- _Task instructions_
Look below for the line with "----「運行解鎖工具包中的Odin3 v1.30.exe」" and the line with "cho đến nay."; repeat exactly those two lines and all lines between them, but no pictures.

[Extracted records]
+++
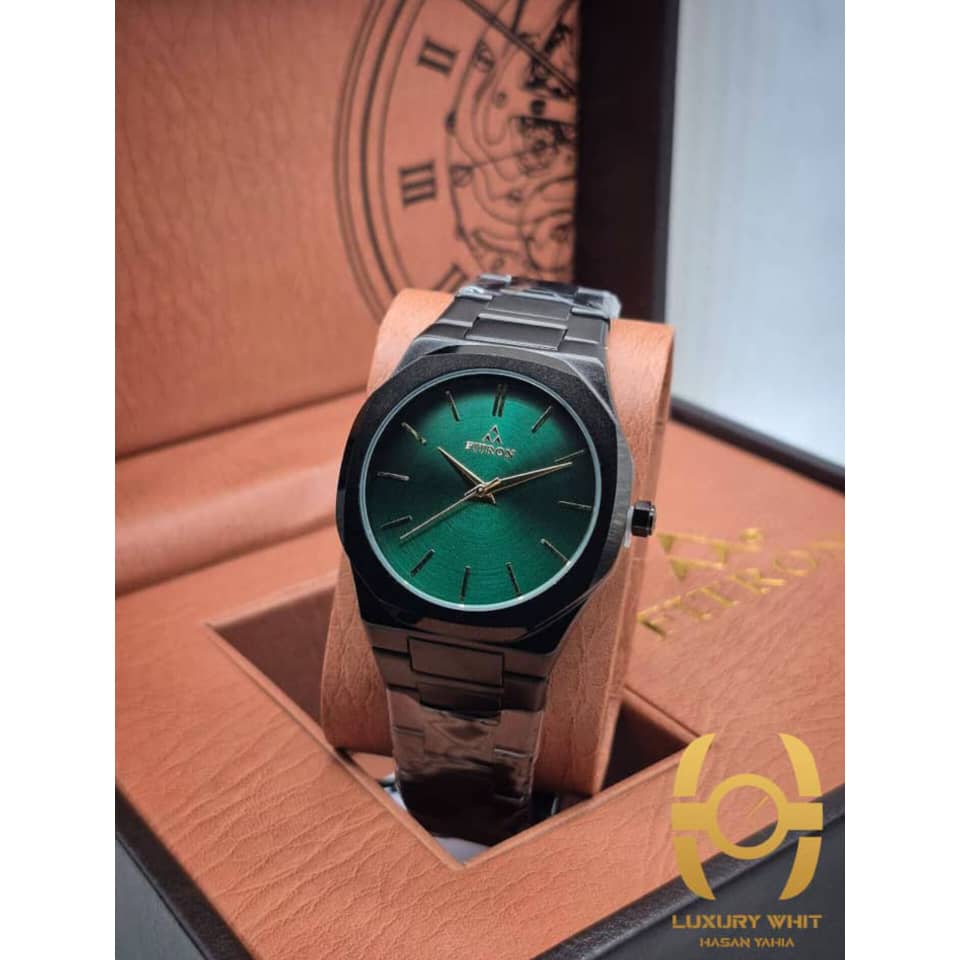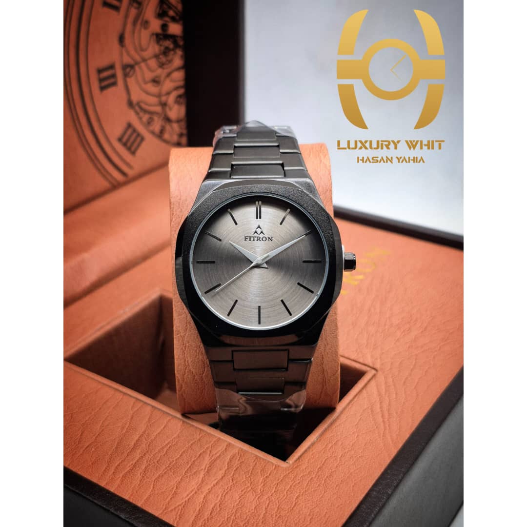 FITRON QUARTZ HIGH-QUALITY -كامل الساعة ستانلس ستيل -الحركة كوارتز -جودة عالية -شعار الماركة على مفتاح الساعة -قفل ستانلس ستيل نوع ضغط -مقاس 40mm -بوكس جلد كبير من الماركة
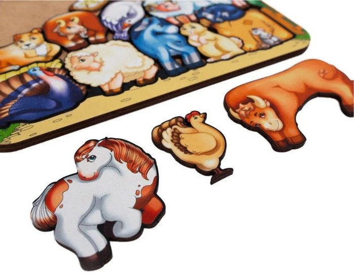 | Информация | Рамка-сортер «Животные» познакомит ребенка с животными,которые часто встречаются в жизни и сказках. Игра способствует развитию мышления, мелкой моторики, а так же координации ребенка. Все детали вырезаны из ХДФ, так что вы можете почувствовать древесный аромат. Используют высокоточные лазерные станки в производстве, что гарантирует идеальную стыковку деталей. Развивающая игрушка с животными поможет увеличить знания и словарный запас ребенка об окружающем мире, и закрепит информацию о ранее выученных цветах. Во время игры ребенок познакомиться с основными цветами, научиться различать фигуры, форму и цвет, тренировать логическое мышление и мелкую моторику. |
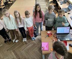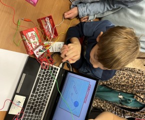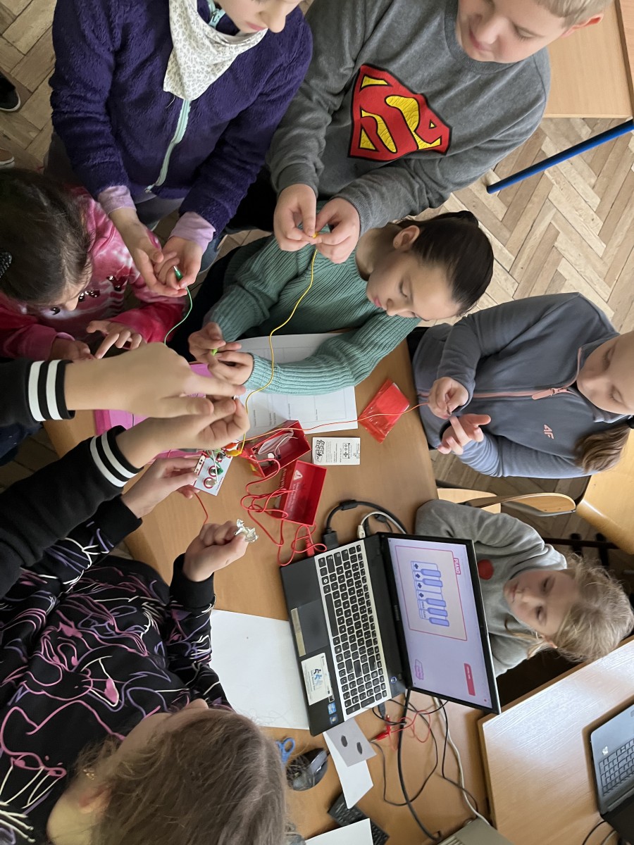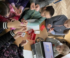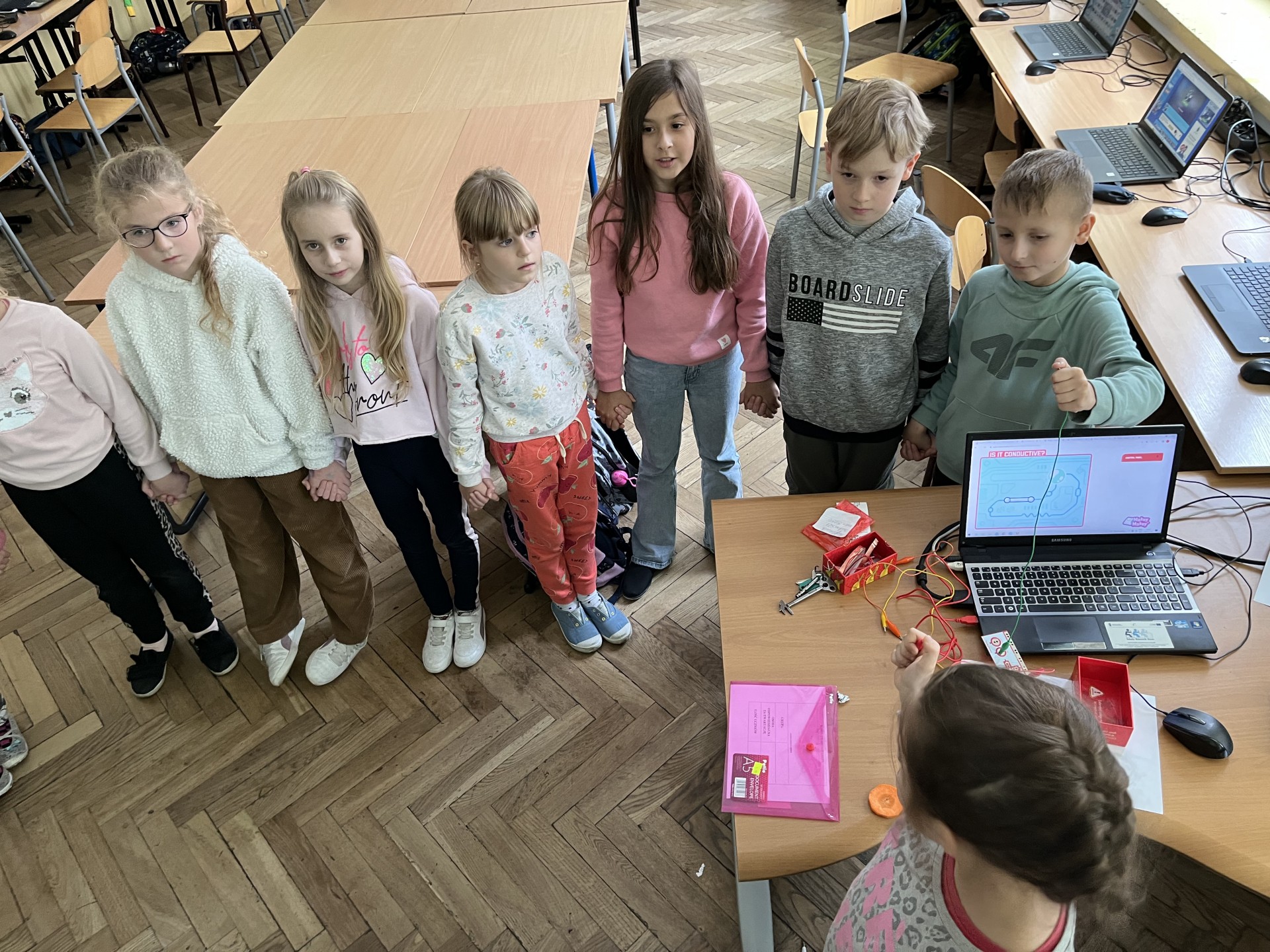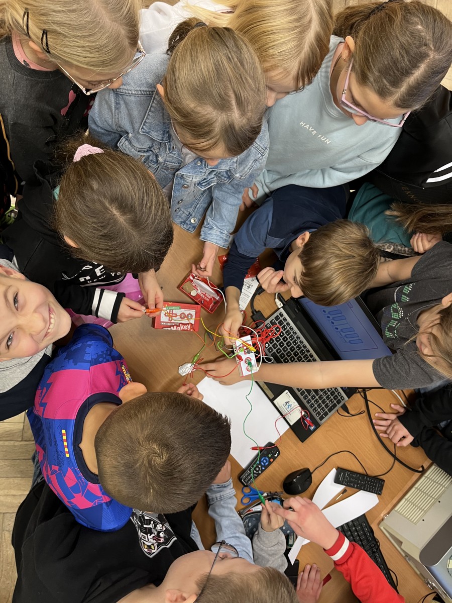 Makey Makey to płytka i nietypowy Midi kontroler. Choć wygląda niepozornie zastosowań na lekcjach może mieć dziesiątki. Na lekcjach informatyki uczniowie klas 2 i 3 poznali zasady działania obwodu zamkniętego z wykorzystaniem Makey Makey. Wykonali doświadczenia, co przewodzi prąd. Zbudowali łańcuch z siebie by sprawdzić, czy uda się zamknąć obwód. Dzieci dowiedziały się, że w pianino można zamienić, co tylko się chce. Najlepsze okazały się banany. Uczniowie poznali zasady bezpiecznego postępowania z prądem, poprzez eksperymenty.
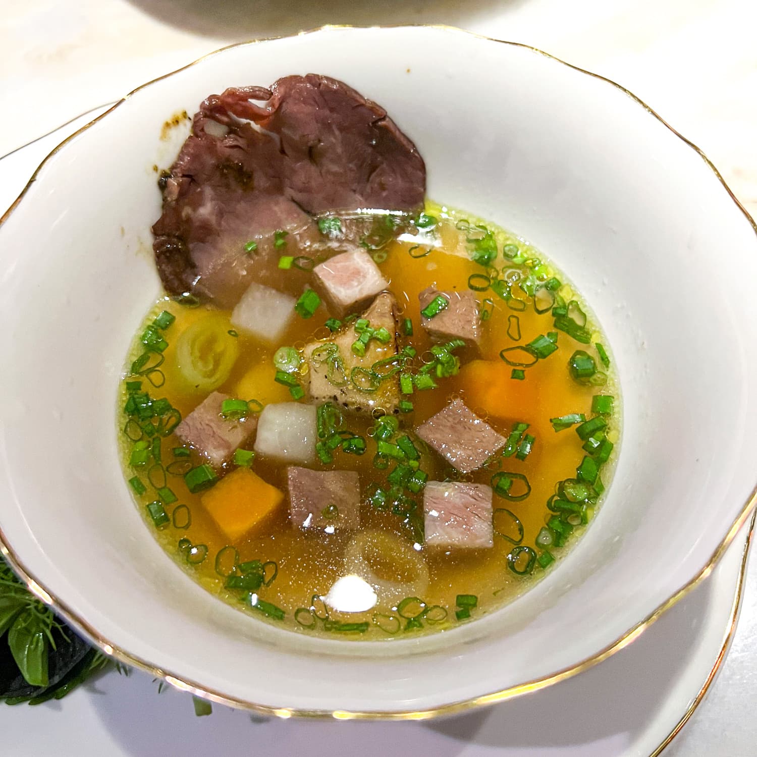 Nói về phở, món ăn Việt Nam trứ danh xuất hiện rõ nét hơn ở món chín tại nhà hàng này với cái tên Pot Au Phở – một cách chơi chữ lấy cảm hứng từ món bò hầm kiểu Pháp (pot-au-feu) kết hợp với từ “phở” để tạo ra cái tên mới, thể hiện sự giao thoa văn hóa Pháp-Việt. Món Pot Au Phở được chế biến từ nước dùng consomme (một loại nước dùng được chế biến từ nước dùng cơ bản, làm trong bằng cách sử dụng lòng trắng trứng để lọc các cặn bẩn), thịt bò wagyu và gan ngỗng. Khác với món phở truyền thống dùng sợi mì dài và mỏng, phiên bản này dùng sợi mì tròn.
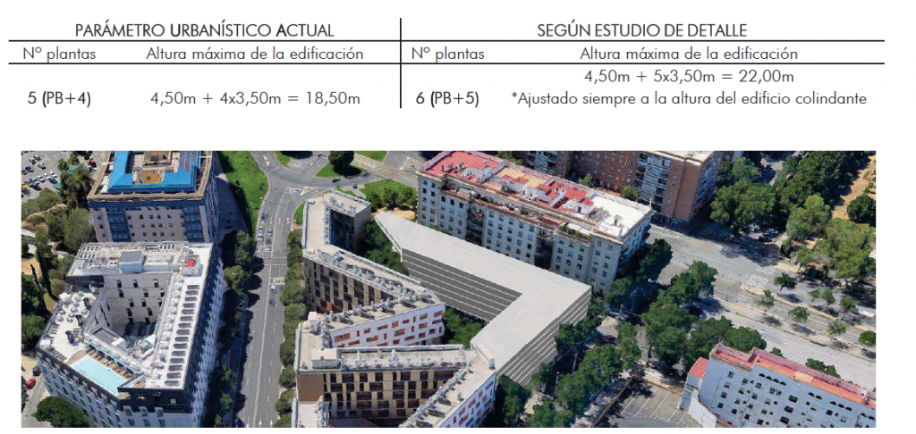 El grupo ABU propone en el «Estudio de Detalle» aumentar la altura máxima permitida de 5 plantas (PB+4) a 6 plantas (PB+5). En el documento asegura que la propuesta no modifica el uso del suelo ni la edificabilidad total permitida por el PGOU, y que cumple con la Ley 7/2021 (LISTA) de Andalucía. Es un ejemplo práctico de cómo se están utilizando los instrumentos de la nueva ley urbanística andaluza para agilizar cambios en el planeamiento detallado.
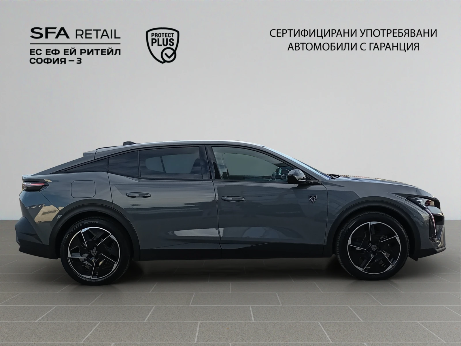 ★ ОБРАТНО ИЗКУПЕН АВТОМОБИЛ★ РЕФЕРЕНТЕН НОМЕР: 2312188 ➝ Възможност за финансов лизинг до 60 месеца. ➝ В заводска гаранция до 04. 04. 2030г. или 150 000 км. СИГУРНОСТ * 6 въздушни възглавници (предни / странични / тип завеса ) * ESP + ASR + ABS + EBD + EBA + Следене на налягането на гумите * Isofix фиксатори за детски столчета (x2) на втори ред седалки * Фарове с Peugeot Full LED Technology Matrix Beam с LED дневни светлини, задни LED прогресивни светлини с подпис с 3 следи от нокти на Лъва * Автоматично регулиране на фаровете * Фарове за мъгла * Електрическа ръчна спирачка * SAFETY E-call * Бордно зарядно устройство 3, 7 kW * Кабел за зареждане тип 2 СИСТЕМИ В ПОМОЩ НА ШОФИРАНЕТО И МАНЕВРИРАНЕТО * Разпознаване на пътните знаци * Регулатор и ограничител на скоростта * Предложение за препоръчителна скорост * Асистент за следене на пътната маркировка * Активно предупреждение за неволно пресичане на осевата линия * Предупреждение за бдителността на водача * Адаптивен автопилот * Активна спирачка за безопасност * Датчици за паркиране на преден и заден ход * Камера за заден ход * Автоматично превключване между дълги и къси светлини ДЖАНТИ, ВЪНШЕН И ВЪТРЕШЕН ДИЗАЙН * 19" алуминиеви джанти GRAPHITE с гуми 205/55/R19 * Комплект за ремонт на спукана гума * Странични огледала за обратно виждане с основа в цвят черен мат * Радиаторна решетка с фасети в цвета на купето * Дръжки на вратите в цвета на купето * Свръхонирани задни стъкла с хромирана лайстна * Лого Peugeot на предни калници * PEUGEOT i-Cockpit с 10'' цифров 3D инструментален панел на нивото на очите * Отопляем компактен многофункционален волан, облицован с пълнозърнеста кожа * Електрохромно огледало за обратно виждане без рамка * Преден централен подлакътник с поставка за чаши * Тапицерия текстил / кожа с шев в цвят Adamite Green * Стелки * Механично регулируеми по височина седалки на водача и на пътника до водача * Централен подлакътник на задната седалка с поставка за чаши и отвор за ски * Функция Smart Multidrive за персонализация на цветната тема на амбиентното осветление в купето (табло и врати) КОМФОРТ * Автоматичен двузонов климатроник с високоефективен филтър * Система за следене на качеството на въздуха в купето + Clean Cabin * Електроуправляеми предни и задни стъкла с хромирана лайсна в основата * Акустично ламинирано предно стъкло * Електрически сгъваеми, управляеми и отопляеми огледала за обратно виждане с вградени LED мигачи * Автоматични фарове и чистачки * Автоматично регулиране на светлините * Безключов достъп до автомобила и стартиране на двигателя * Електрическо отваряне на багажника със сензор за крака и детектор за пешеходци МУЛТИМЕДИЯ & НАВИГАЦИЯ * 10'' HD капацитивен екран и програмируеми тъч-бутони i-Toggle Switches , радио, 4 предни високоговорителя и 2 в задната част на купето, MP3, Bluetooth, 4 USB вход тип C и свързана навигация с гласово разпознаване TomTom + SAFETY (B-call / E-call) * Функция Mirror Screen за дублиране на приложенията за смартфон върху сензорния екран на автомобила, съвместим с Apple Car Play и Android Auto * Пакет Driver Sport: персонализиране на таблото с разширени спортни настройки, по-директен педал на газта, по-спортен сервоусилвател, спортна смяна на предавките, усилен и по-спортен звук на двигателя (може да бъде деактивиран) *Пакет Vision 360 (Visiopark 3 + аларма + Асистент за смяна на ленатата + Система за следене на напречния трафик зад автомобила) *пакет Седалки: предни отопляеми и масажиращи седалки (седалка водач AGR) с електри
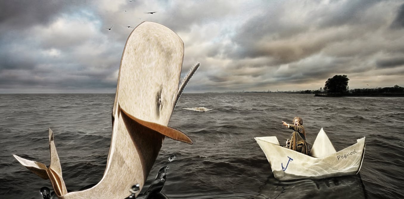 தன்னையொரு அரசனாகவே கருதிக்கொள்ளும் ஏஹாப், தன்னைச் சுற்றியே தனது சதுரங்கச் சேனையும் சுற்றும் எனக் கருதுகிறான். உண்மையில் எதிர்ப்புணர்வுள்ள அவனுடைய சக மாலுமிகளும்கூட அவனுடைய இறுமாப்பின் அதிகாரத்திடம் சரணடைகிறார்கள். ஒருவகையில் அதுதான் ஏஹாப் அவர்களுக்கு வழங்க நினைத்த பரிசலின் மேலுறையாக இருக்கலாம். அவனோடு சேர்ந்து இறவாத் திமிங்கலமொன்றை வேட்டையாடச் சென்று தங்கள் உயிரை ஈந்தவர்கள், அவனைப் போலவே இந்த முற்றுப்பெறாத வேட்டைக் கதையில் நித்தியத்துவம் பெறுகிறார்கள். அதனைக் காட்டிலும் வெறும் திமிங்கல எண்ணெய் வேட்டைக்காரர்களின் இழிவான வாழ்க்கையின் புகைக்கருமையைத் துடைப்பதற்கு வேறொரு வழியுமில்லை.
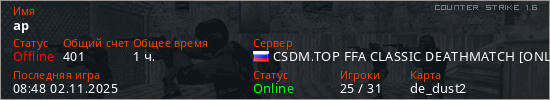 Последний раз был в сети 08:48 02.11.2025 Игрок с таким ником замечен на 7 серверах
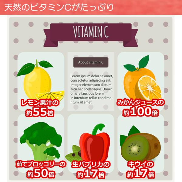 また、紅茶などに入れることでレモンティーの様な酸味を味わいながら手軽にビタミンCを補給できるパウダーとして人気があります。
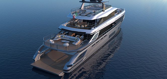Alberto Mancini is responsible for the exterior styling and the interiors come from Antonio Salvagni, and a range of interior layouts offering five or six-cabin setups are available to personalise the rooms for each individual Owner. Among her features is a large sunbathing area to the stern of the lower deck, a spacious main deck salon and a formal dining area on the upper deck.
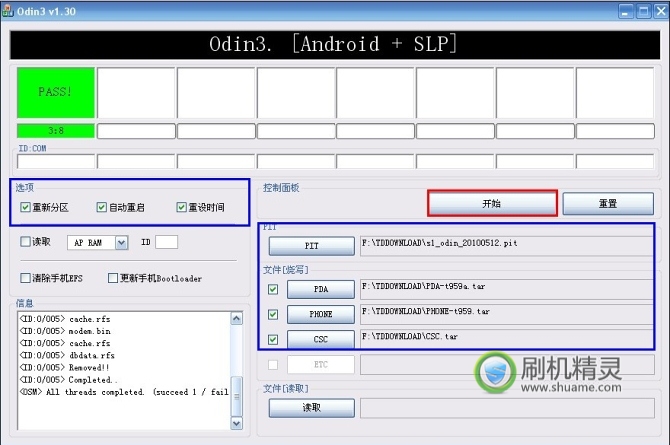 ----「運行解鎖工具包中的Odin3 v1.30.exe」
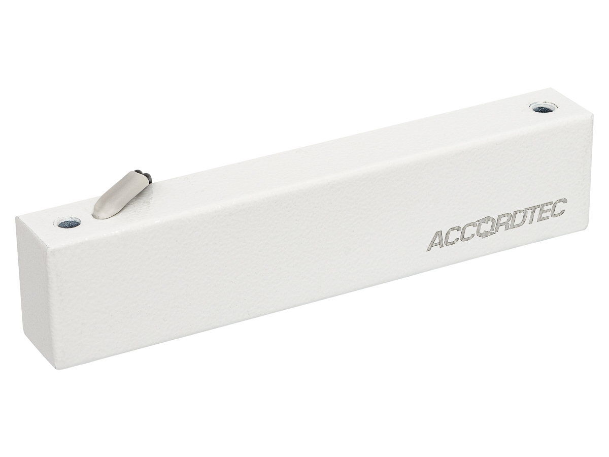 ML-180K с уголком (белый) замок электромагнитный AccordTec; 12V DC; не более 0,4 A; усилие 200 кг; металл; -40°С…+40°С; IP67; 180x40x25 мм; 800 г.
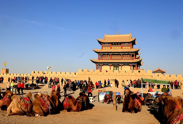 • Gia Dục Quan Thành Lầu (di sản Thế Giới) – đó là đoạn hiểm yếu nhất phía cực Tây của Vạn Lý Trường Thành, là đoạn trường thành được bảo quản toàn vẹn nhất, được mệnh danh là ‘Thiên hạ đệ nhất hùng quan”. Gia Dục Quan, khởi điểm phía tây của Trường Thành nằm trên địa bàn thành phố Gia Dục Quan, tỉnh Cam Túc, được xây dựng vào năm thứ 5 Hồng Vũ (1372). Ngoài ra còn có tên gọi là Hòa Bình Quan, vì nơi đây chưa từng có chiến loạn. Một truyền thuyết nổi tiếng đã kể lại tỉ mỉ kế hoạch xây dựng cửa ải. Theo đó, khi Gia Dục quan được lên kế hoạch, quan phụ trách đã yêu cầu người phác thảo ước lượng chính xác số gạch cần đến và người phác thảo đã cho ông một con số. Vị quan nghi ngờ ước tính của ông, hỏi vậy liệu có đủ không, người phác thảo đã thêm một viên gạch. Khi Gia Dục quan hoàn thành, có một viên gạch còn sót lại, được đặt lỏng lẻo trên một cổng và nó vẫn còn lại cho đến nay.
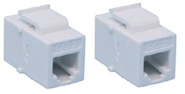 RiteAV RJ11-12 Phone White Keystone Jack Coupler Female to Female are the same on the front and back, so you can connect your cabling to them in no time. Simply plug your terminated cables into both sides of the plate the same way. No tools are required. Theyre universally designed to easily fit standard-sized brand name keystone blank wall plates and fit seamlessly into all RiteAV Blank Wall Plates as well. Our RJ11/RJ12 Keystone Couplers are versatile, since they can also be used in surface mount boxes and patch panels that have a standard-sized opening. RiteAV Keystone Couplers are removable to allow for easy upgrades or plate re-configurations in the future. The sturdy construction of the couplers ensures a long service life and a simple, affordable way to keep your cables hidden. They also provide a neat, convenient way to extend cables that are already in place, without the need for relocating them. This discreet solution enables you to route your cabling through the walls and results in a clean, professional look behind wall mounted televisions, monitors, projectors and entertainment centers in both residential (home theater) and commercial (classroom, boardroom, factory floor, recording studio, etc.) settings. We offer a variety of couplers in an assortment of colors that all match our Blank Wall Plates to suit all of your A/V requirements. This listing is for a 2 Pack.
+++
- _Exercise solution_
 ----「運行解鎖工具包中的Odin3 v1.30.exe」
 ML-180K с уголком (белый) замок электромагнитный AccordTec; 12V DC; не более 0,4 A; усилие 200 кг; металл; -40°С…+40°С; IP67; 180x40x25 мм; 800 г.
 • Gia Dục Quan Thành Lầu (di sản Thế Giới) – đó là đoạn hiểm yếu nhất phía cực Tây của Vạn Lý Trường Thành, là đoạn trường thành được bảo quản toàn vẹn nhất, được mệnh danh là ‘Thiên hạ đệ nhất hùng quan”. Gia Dục Quan, khởi điểm phía tây của Trường Thành nằm trên địa bàn thành phố Gia Dục Quan, tỉnh Cam Túc, được xây dựng vào năm thứ 5 Hồng Vũ (1372). Ngoài ra còn có tên gọi là Hòa Bình Quan, vì nơi đây chưa từng có chiến loạn. Một truyền thuyết nổi tiếng đã kể lại tỉ mỉ kế hoạch xây dựng cửa ải. Theo đó, khi Gia Dục quan được lên kế hoạch, quan phụ trách đã yêu cầu người phác thảo ước lượng chính xác số gạch cần đến và người phác thảo đã cho ông một con số. Vị quan nghi ngờ ước tính của ông, hỏi vậy liệu có đủ không, người phác thảo đã thêm một viên gạch. Khi Gia Dục quan hoàn thành, có một viên gạch còn sót lại, được đặt lỏng lẻo trên một cổng và nó vẫn còn lại cho đến nay.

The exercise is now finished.